This story is not for the fainthearted. When I was about 8 years old I left my home to stay with my mother’s relatives. My mother could not take care of me because she was sick. I could not stay with my father because he was injured during work. Both my parents were unable to take care of me so I stayed with my mother’s relatives until I was 15. After that, I had to live with other relatives because my mother’s sister got sick as well. From that time I lived with different family members and moved around a lot. I did not have a good childhood.
I was molested at the age of 11 years up until I left to live with the other family members. I was raped several times. At the age of 16, a community member raped me. I was raped a second time at the age of 21. He was my computer teacher in school. At the age of 24 I was raped a third time, this time it was my boss. Due to my parents’ illnesses and injuries, it was up to me to support the family. I never knew what it is like to be a happy child.
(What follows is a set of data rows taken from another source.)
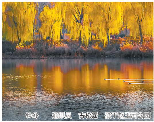
畅游于赵王河公园
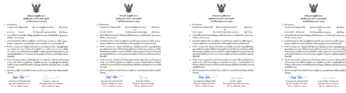
ภาพที่ 3-2 ลงนามคำรับรองการปฏิบัติราชการของหน่วยงานประจำปีงบประมาณ พ.ศ. 2562 เมื่อวันที่ 16 พฤศจิกายน 2561 ณ ห้องประชุมอายุรภิวัตน์ ชั้น 2 อาคาร 1 กรมควบคุมโรค

กลุ่มพัฒนาระบบบริหาร ได้จัดการลงนามคำรับรองการปฏิบัติราชการของหน่วยงานประจำปีงบประมาณ พ.ศ. 2562 เมื่อวันที่ 16 พฤศจิกายน 2561 ระหว่างผู้อำนวยการกลุ่มพัฒนาระบบบริหาร และหัวหน้ากลุ่มงาน โดยมี นางเบญจมาภรณ์ วิทยุไพพรพาณิชย์ ผู้อำนวยการกลุ่มพัฒนาระบบบริหาร เป็นประธาน พร้อมด้วยข้าราชการและเจ้าหน้าที่ กลุ่มพัฒนาระบบบริหาร เข้าร่วมพิธีลงนาม ณ ห้องประชุมอายุรภิวัตน์ ชั้น 2 อาคาร 1 กรมควบคุมโรค
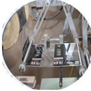
Машина с пленочным покрытием
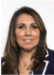
• DE LORENZO Rina - MOVIMENTO 5 STELLE
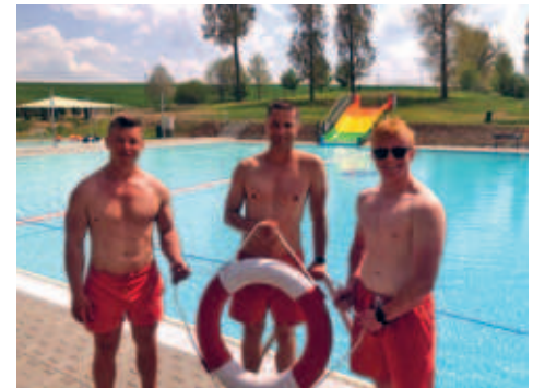
Freibad schließt nach 109 Badetagen am 10.09.2024

In 1997, at the age of 26, I met what I thought was a wonderful man. We have three beautiful boys together -11, 9 and 5 years old. But when I found him in our bed with my sister I knew he had never truly loved me. My sister also has a child with him. We are separated now. It is hard taking care of three kids on my own but I want to give them the childhood I never had. I love them with all my heart and would give my life for them. I also look after the children of other family members since of my sisters died of AIDS in May 2008, leaving two children behind. My other brother is also very sick because of AIDS. He has 5 children. I’ve just found out that my other sister is also HIV positive, she has one child. Very soon, I will have 11 children to look after. They will come and live with me next year. I don’t know how I am going to manage, but I will.
I have been with Bobbi Bear since 2000. I heard about their work in the community. I heard about the women being helped under the tree. They were being taught about HIV and AIDS, while also being empowered to seek help when they were in abusive relationships. I really wanted to meet the founder and get to know her. I knew how to sow and pottery so I could use these skills to teach the women under the tree, making them less dependent on a man.
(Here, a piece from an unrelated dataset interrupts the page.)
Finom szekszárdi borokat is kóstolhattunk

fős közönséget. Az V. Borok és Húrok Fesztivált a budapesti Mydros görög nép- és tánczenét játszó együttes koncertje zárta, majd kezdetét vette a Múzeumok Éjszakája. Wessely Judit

But when I met her she just asked me if I was OK. I did not expect this and ended up crying. I realised that I never had somebody to listen to my problems, and I never had any form of counselling. She told me that I could talk to her whenever I needed to. I could not leave the tree before I gave her my details. She wanted to stay in contact with me and wanted to train me. She saw talents in me, which I did not even know I had. After a year I was trained to be a CSO (Child Safety Officer). Now I am a counsellor and I want to go back to school to become a psychologist.
What can I say about the founder of Bobbie Bear? She is my mother and Bobbie Bear is my family.